I need every line of the material below that includes the string "シースルー".

**Supplied entries**.

__________________________________________________

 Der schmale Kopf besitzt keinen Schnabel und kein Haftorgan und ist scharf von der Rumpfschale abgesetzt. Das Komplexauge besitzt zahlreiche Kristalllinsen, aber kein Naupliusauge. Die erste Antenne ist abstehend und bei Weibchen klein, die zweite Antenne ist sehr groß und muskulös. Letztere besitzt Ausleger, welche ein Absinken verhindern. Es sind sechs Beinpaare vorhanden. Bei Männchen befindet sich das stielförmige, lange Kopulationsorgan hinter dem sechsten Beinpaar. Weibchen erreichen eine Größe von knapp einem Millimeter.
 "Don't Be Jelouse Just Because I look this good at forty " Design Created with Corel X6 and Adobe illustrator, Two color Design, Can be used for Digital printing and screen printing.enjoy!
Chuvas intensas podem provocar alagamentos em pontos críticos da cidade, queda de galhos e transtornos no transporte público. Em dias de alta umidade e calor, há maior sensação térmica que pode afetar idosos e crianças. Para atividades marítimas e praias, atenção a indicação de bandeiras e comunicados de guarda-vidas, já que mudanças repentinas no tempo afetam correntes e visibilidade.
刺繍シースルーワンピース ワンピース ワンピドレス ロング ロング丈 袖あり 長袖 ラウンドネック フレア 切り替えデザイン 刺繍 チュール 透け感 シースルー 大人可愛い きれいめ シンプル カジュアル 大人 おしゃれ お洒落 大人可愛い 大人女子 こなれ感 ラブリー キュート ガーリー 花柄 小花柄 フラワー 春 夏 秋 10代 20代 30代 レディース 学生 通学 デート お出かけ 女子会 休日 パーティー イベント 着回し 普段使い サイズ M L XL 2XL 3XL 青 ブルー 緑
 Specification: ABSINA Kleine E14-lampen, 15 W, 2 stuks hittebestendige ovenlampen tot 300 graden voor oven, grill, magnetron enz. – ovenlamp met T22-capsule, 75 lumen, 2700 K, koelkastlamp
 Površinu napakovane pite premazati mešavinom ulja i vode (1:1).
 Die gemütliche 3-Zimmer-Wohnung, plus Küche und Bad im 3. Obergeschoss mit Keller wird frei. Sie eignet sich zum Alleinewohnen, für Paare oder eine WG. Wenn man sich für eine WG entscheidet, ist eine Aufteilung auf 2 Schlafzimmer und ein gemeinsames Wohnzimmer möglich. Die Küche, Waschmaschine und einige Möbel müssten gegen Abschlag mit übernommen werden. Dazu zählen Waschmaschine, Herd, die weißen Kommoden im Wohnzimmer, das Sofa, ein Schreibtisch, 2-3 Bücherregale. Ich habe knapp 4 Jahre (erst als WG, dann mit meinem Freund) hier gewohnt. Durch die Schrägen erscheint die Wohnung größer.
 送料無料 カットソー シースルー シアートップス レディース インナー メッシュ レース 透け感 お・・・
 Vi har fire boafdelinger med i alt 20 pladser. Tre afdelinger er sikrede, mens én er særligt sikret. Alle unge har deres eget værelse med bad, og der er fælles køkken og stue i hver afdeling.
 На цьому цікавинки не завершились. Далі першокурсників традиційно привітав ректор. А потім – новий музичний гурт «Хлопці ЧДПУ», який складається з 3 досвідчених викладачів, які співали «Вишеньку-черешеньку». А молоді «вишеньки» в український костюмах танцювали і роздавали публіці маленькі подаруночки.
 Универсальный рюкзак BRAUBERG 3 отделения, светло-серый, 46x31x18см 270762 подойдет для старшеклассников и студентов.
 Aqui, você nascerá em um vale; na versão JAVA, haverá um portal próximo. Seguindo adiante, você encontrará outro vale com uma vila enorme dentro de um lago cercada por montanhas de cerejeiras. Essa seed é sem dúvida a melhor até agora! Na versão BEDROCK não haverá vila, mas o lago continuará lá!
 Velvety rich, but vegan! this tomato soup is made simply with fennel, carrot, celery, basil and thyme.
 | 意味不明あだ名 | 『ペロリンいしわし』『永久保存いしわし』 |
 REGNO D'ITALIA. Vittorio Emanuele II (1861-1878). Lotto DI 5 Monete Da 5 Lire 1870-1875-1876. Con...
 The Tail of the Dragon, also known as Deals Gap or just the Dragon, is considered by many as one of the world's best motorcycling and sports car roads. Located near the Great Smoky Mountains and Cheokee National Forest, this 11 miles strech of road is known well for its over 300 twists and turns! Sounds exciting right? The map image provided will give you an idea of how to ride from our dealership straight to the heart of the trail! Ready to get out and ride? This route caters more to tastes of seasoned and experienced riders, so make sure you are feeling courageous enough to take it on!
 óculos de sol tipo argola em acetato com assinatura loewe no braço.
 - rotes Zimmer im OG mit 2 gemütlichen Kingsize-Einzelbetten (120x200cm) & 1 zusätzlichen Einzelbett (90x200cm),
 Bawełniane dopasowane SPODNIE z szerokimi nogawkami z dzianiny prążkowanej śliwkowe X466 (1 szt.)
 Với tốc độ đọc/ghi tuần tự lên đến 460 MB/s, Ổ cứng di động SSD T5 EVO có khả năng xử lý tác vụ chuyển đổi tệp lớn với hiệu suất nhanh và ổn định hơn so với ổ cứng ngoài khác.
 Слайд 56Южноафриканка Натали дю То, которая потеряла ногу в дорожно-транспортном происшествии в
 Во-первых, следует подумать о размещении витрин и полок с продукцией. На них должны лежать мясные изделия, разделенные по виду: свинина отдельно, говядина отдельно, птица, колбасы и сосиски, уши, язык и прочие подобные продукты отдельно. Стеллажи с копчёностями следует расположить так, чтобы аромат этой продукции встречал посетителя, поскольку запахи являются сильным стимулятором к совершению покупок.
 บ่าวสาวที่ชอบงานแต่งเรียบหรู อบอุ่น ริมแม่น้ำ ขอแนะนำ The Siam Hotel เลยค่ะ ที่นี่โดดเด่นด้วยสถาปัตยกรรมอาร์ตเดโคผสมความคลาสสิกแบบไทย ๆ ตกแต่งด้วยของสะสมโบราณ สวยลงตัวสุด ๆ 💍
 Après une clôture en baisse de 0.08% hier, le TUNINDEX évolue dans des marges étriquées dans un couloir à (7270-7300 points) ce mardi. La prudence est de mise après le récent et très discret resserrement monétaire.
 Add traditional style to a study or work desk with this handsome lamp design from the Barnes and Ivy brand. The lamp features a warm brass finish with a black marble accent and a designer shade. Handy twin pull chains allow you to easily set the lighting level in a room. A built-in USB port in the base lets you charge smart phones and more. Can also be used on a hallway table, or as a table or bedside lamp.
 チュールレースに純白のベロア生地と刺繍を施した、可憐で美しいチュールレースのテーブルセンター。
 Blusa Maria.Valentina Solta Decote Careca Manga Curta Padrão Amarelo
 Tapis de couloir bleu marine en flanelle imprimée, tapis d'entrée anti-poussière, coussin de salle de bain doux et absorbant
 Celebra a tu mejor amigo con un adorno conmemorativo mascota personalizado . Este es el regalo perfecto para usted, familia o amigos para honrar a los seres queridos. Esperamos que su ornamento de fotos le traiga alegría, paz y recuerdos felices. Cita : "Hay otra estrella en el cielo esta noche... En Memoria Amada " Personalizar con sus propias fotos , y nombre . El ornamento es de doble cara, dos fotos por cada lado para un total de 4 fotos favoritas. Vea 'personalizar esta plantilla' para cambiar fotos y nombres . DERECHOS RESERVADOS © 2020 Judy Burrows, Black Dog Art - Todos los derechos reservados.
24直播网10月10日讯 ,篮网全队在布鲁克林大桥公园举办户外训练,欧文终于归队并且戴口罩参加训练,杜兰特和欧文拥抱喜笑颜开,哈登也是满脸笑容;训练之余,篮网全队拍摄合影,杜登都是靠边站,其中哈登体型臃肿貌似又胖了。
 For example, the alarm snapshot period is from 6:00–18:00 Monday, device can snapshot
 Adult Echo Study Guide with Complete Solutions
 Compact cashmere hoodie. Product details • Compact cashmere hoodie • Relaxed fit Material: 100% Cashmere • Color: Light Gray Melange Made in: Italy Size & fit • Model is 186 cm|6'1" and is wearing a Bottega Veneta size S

__________________________________________________

**Response**.
刺繍シースルーワンピース ワンピース ワンピドレス ロング ロング丈 袖あり 長袖 ラウンドネック フレア 切り替えデザイン 刺繍 チュール 透け感 シースルー 大人可愛い きれいめ シンプル カジュアル 大人 おしゃれ お洒落 大人可愛い 大人女子 こなれ感 ラブリー キュート ガーリー 花柄 小花柄 フラワー 春 夏 秋 10代 20代 30代 レディース 学生 通学 デート お出かけ 女子会 休日 パーティー イベント 着回し 普段使い サイズ M L XL 2XL 3XL 青 ブルー 緑
 送料無料 カットソー シースルー シアートップス レディース インナー メッシュ レース 透け感 お・・・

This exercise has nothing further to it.